My mind was ready to lose weight. I had not wanted to diet, and the Fast Metabolism Diet isn’t really a diet, but it’s a way of life. Eating right, taking time to succeed, avoiding failure, giving myself a chance to succeed. Is it like that in your battle? You try to do what you know you need to do, whether it’s stop smoking, eating poorly, drinking excessively, or drugging. You think you can do this by tapering off.  You’re kidding yourself. you can’t. You need to change. You need to change drastically. You need to get radical.

If I can kill this Goliath of weight, then you can too. Whatever your Goliath is. You can do it. I do it with God’s help. You may choose not to use God for help, but it is truly a much harder road. Christ is my strength, a never ending source of help.

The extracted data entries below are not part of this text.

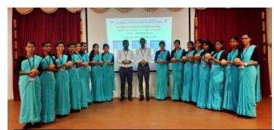
Winners of the competition enjoying by receiving the prizes

On 23rd December 2019, on eve of National Mathematics day science club members of our college organised a creative way of reciting the mathematical table by way of chorus dance. The science club members were segregated in to five groups, and inter competition among the groups was conducted for the best way of presentation of table recitation. Based on the nature of presentation like chorus in dance, symmetry of recitation and fluency of recitation prizes were awarded. All the participants involved actively as well as enthusiastically in the programme.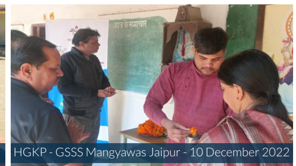
HGKP - GSSS Mangyawas Jaipur - 10 December 2022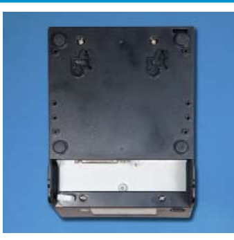
Built-In Wall Mount Capability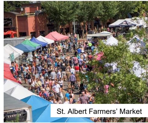
St. Albert Farmers' Market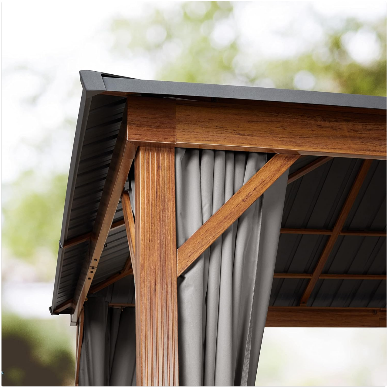
Figure 4: Detail of the gazebo's roof edge, demonstrating the secure attachment of the steel roof panels to the frame.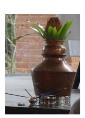
The Neer Kudam

The festival had an unusual and wonderful concept of bringing together the waters of the seven sub regions and unifying them as a symbol of care, connect and change. The Neer Kudam (water pot) represented our deep connection with water and with each other. During the seven weeks, it travelled to all the sub regions, being filled with water from each of these regions.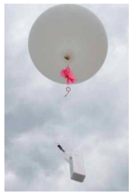
Figure 2: Radiosonde on a weather balloon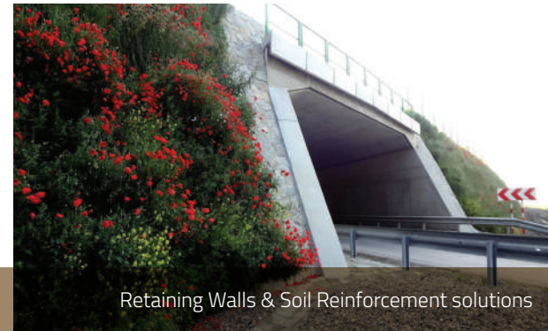
Retaining Walls & Soil Reinforcement solutions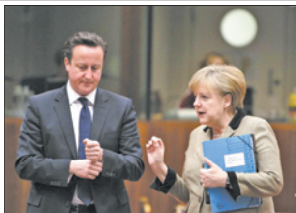
German Chancellor Angela Merkel (R) talks with British Prime Minister David Cameron during the second day's meeting of EU Summit in Brussels, capital of Belgium on 14 Dec, 2012. —XINHUA

The country's transitional government, which depends on oil exports for up to 70 percent of its budget, is struggling to launch a UN-backed reconciliation national dialogue by the end of this month to reunite the divided nation.— Xinhua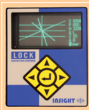
DDS (Direct Digital Signal)

God uses people. God uses diets, books, music, to reach us, to help us, to motivate us. You don’t always have to be overweight. You don’t always have to be a smoker. You don’t always even have to be a thief. Pray. Ask God to inspire you.

I’m seeing crazy numbers on this scale. Remember this all started with me at 273. Actually, the doctor told me that last March I was 286.  Today’s number on the scale blew my socks off. This is working. You can beat your Goliath. Do it. I’ll be praying for you.

Weight: 248.0 (Isn’t that freakin’ crazy?I only have 49 pounds to go.)